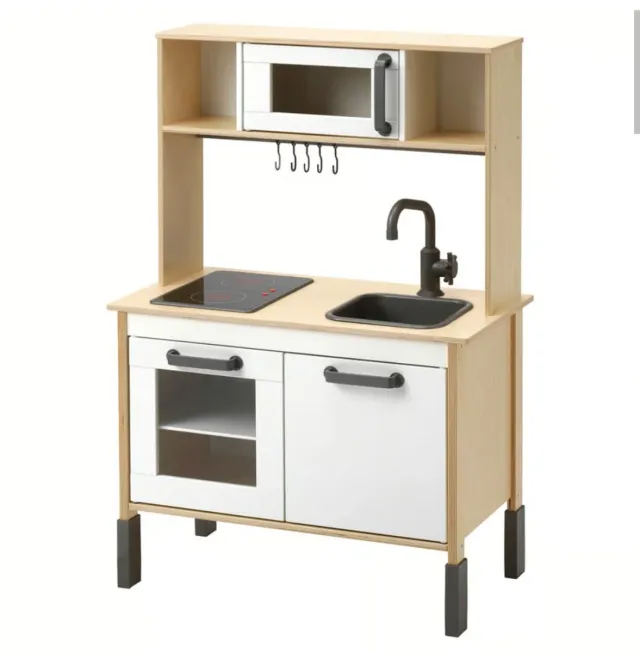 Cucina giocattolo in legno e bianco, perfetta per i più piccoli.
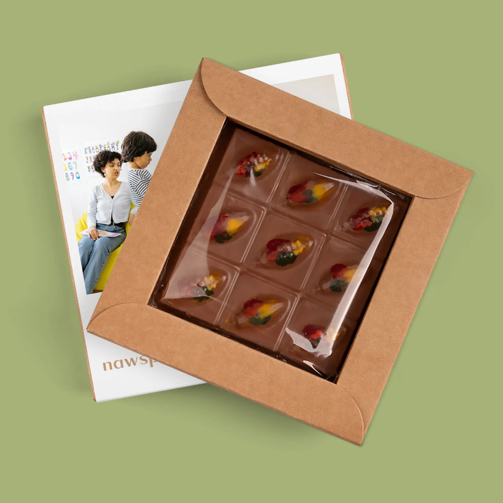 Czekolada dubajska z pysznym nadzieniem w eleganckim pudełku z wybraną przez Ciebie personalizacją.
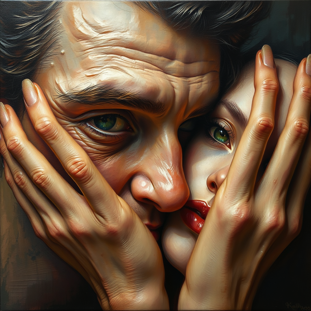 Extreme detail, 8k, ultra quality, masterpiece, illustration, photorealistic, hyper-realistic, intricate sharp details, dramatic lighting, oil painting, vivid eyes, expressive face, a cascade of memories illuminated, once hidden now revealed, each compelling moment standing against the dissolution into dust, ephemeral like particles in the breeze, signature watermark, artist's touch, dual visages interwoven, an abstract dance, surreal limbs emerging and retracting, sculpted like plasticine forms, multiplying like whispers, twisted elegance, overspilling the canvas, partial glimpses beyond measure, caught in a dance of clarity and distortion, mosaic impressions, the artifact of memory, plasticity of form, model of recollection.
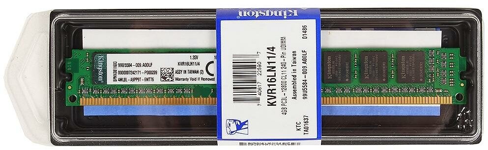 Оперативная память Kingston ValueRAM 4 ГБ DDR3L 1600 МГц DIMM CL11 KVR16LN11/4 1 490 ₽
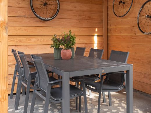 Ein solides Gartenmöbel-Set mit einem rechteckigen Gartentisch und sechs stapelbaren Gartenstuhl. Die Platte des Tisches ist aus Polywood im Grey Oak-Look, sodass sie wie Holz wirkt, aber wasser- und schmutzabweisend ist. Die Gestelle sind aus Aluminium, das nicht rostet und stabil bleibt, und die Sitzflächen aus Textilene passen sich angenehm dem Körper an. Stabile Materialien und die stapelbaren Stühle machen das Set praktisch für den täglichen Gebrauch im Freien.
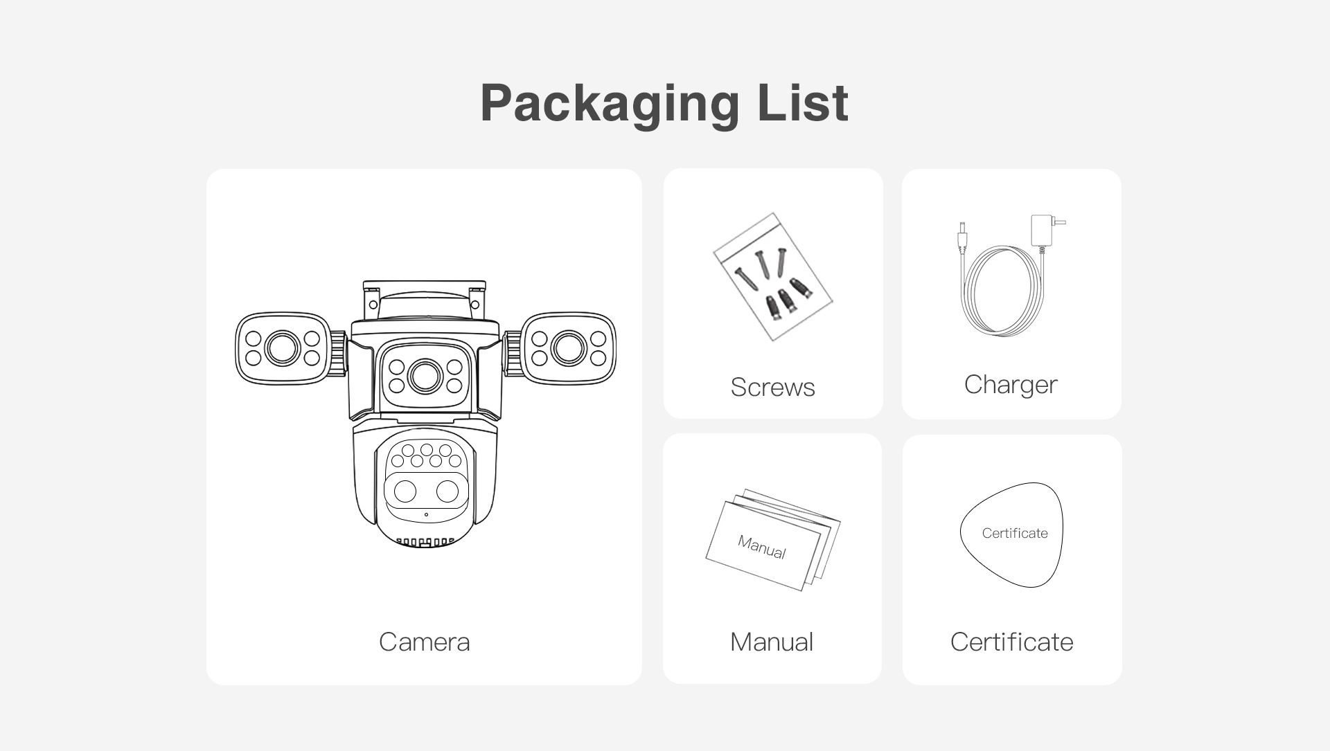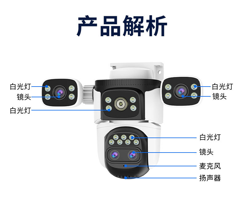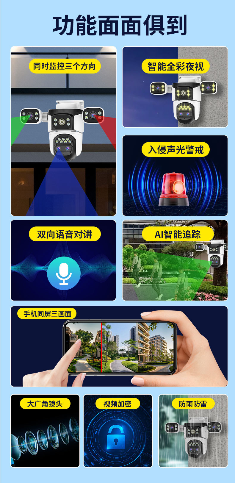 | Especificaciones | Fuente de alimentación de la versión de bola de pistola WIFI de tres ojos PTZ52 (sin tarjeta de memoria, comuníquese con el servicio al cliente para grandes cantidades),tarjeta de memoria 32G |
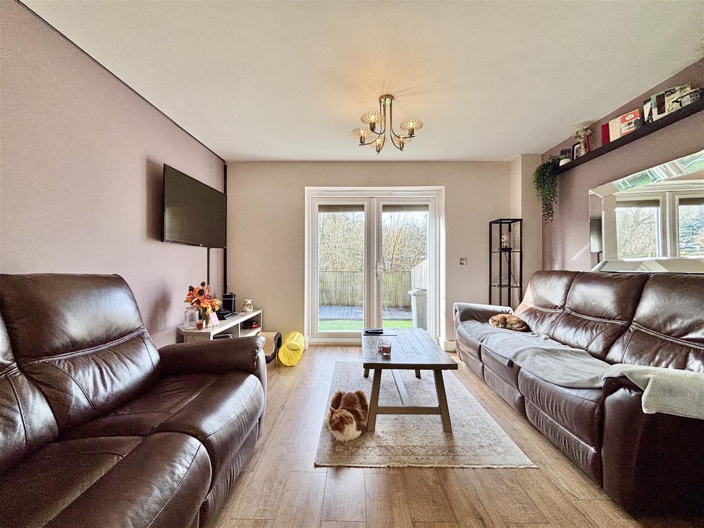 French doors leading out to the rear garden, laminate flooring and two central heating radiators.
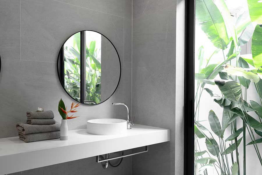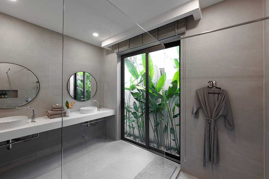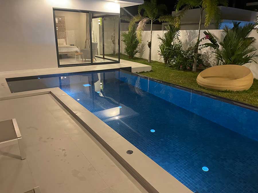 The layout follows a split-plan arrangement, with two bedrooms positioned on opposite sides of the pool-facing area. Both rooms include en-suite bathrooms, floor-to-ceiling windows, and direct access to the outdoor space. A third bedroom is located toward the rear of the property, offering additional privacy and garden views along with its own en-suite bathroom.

..............................

▶ **Task prompt**:
Although the records include pictures, output only their text, exactly and completely.

▶ **Written answer**:
 Cucina giocattolo in legno e bianco, perfetta per i più piccoli.
 Czekolada dubajska z pysznym nadzieniem w eleganckim pudełku z wybraną przez Ciebie personalizacją.
 Extreme detail, 8k, ultra quality, masterpiece, illustration, photorealistic, hyper-realistic, intricate sharp details, dramatic lighting, oil painting, vivid eyes, expressive face, a cascade of memories illuminated, once hidden now revealed, each compelling moment standing against the dissolution into dust, ephemeral like particles in the breeze, signature watermark, artist's touch, dual visages interwoven, an abstract dance, surreal limbs emerging and retracting, sculpted like plasticine forms, multiplying like whispers, twisted elegance, overspilling the canvas, partial glimpses beyond measure, caught in a dance of clarity and distortion, mosaic impressions, the artifact of memory, plasticity of form, model of recollection.
 Оперативная память Kingston ValueRAM 4 ГБ DDR3L 1600 МГц DIMM CL11 KVR16LN11/4 1 490 ₽
 Ein solides Gartenmöbel-Set mit einem rechteckigen Gartentisch und sechs stapelbaren Gartenstuhl. Die Platte des Tisches ist aus Polywood im Grey Oak-Look, sodass sie wie Holz wirkt, aber wasser- und schmutzabweisend ist. Die Gestelle sind aus Aluminium, das nicht rostet und stabil bleibt, und die Sitzflächen aus Textilene passen sich angenehm dem Körper an. Stabile Materialien und die stapelbaren Stühle machen das Set praktisch für den täglichen Gebrauch im Freien.
 | Especificaciones | Fuente de alimentación de la versión de bola de pistola WIFI de tres ojos PTZ52 (sin tarjeta de memoria, comuníquese con el servicio al cliente para grandes cantidades),tarjeta de memoria 32G |
 French doors leading out to the rear garden, laminate flooring and two central heating radiators.
 The layout follows a split-plan arrangement, with two bedrooms positioned on opposite sides of the pool-facing area. Both rooms include en-suite bathrooms, floor-to-ceiling windows, and direct access to the outdoor space. A third bedroom is located toward the rear of the property, offering additional privacy and garden views along with its own en-suite bathroom.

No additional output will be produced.